- From: Andy Seaborne <andy@apache.org>
- Date: Fri, 30 Jun 2017 09:53:10 +0100
- To: "Peter F. Patel-Schneider" <pfpschneider@gmail.com>, Eric Prud'hommeaux <eric@w3.org>, public-rdf-comments@w3.org
On 30/06/17 01:42, Peter F. Patel-Schneider wrote:
> On 06/29/2017 03:34 PM, Eric Prud'hommeaux wrote:
>> * Andy Seaborne <andy@apache.org> [2017-06-29 21:11+0100]
>>> I think that changing the grammar in this way has disadvantages:
>>>
>>> For larger languages, it adds a lot of clutter.
>>>
>>> It does not reflect the practical aspects of tools.
>>>
>>> Whitespace and comment processing is often done during tokenization and
>>> tokenizers even have special facilities, or common idioms, for doing that.

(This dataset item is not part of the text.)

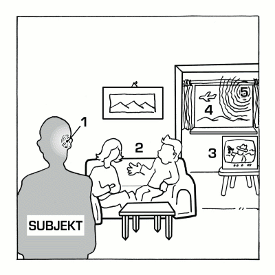 ![]() Ebensogut, wie das abgebildete „Subjekt“ räumlich sehen kann, daß sich das miteinander sprechende Paar auf dem Sofa (2) räumlich vor dem Fernsehapparat (3) befindet und dieser wiederum sich räumlich vor dem Flugzeug (4), welches durch das Fenster zu sehen ist, ist es dazu in der Lage, dies zu hören: Das Gespräch des Paars ist näher an ihm zu hören als der Ton aus dem Fernseher, dieser wiederum ist akkustisch näher an dem Subjekt zu lokaliseren als das Rauschen des Flugzeugs. Als Tinnitus-Betroffener seit meiner Kindheit bin ich dazu in der Lage, klar zu definieren, daß mein Tinnitus-Fiepen (1) räumlich vor all diesen akkustischen Wahrnehmungen rangiert. Subjektiv habe ich den Eindruck, der Piepston, den ich höre, befindet sich direkt in meinem Ohr (also: allen anderen akkustischen Wahrnehmungen vorgestellt). Als Brummton-Betroffener seit nun mehr als drei Jahren, bin ich dazu in der Lage, klar zu definieren, daß der Brummton (5), den ich höre, räumlich jenseits der meisten, hier abgebildeten Geräuschquellen befindet. Also hinter den sprechenden Leuten, hinter dem Fernseher. Die meisten anderen Betroffenen werden meiner Definition sofort zustimmen wenn ich sage, ich habe den Eindruck, der Ton kommt von „irgendwo weit weg“. Subjektiv kann ich lediglich nicht mehr unterscheiden, ob sich die vermeintliche Quelle für diesen Ton noch vor dem Flugzeug oder dahinter befindet, denn hier gehen die Entfernung zu weit auseinander – so, wie man bei sehr großen Distanzen irgendwann auch nicht mehr exakt zu unterscheiden vermag, welches der Dinge, die man in unterschiedlichen Richtungen sieht, sich „näher“ an einem dran befindet. 2) Ein Tinnitus ändert sich nicht dauernd Ein Patient, der ein Tinnitus-Geräusch hat, leidet in der Regel an einem gleichbleibenden Geräusch. Dies erklärt sich damit, daß ein Tinnitus für gewöhnlich durch die organische Beeinträchtigung des Hörapparates entsteht. Bestimmte Teile des Hörspektrums fallen durch organische Schäden aus; neuesten Erkenntnissen zufolge entsteht ein Tinnitus zumeist dadurch, daß das Gehirn (vereinfacht ausgedrückt) für den ihm nun fehlenden Bereich der akkustischen Wahrnehmung „den Lautstärke-Regler gewaltig hochdreht“ (So nach dem Motto: „Nanu, auf den Frequenzen kamen doch bisher immer irgendwelche Töne bei mir an? Warum höre ich da nix mehr??“ – Regler hochdreh’ bis irgendetwas pfeift – „Ah, da ist ja wieder etwas! – Gehirn, Ende!“). Für die Brummton-Betroffenen ändert sich ihre Brummton-Wahrmung – nun, ich möchte nicht sagen: beinahe jede Nacht – aber so kann es bisweilen sein. Und zwar in der Intensität (um nicht zu sagen der Lautstärke) ihrer Wahrnehmung als auch in der Frequenz des Ein- und Aussetzens des Brummtons. Die Intensität des Brummtons läßt sich mit einem Tinnitus-Patienten vergleichen, die ihren Tinnitus mal stärker, mal weniger stark zu hören glauben. Beim Tinnitus sind dies in der Regel allerdings subjektive Schwankungen – je nachdem, ob der Patient aufrund von Stress und anderen Faktoren durch das Pfeifen im Ohr mal mehr, mal weniger genervt ist, und dadurch das ihn belästigende Geräusch gerade „besser abkann“ oder nicht. In Zusammenarbeit mit einem mich betreuenden Psychotherapeuten habe ich allerdings herausgearbeitet (und kann dies durch das von mir geführte Brummton-Tagebuch auch belegen), daß es keinen Zusammenhang zwischen meinen Brummton-Wahrnehmungen und meinen jeweils akuten seelischen Befindlichkeiten gibt. Als Brummton-Betroffener kann ich den schönsten, gesundesten, erholsamsten Tag mit viel Freizeit, Bewegung, Sonne, gesundem Essen usw. hinter mit haben, und die Nacht wachliegen, weil es brummt, daß sich die Balken biegen. Oder nach einem hektischen, stressigen, problemüberfrachteten Tag schlafen wie ein Murmeltier, weil „das Firmament schweigt“. Und umgekehrt. Es gibt keine Gesetzmässigkeiten. Der Brummton kommt und geht, wie er will (und nicht, wie ich – bewusst oder unbewusst – will). Es ist möglich, daß der Brummton wie ein Tinnitus als „gleichbleibendes Geräusch“ wahrgenommen wird. Sehr häufig berichten Brummton-Betroffene aber darüber, daß der Ton „Ein- und wieder Aussetzt“. Brrrrrrr-Brrrrrrr-Brrrrrrr. Abgesehen davon, daß er sich auch hierin bereits eklatant von dem für gewöhnlich gleichbleibenden Fiepen oder Klingeln eines Tinnitus unterscheidet, ändert sich die Frequenz dieses Ein- und Aussetzens auch häufig. Der Vergleich mit einem „Laster, der um die Ecke im Leerlauf dröhnt“, wird viel zu häufig spontan von Neu-Betroffenen herangezogen, um ignoriert zu werden. In manchen Nächten erinnert das Ein- und Aussetzen des Brummtons an ein Schiff, dessen Schrauben in stürmischer See langsam durch die Wellen pflügen; in anderen ist der Wechsel so schnell, daß er an eine Waschmaschine erinnert, die irgendwo im Haus den Schleudergang durchläuft – die ganze Nacht lang. Das ist auch der Grund, warum Brummton-Betroffene an ihrem Leiden so erheblich viel schwerer arbeiten müssen, als Tinnitus-Patienten. Betroffene auf beiden Gebieten sind dazu in der Lage, dies zu unterstreichen. Sich an ein permanent gleichbleibendes Geräusch zu gewöhnen – nicht hinzuhören, dieses gleichsam „auszublenden“ – ist vergleichsweise einfach. Sich an einen Brummton zu gewöhnen, der mal da ist, mal nicht, und jede Nacht anders, ist unendlich viel schwieriger. Der Versuch erinnert Betroffene sehr häufig daran, die berühmte psychische Folter mit dem Wassertropfen auszuhalten, der einem in unterschiedlichen Abständen immer weiter auf den Kopf tropft. In der gänigen Phänomenologie von Tinnitus-Patienten sind stets wechselnde Ohrgeräusche in jedem Fall die Ausnahme – bei Brummton-Betroffenen ist das die Regel. 3) Es gibt keinen ortsgebundenen Tinnitus! Viele Brummton-Betroffene berichten darüber, daß es, fernab von ihrem alltäglichen Wirken (und meist in einem anderen Winkel der Welt), O

>>> Having the grammar reflect that helps implementers.
>>
>> strong +1. It is the default behavior of almost every lexer [...] to
>> break on whitespace.
>
> Not lex, for starters.
The "common idioms" I was referring to include the way the lex-family
handle this.
The idiom is to recognize whitespace then not generate a token, and not
to pass it to the rule parser.
It's in the man page, the wikipedia page and the yacc documentation.
flex.1:
[ \t\n]+ /* eat up whitespace */
Andy
Received on Friday, 30 June 2017 08:53:45 UTC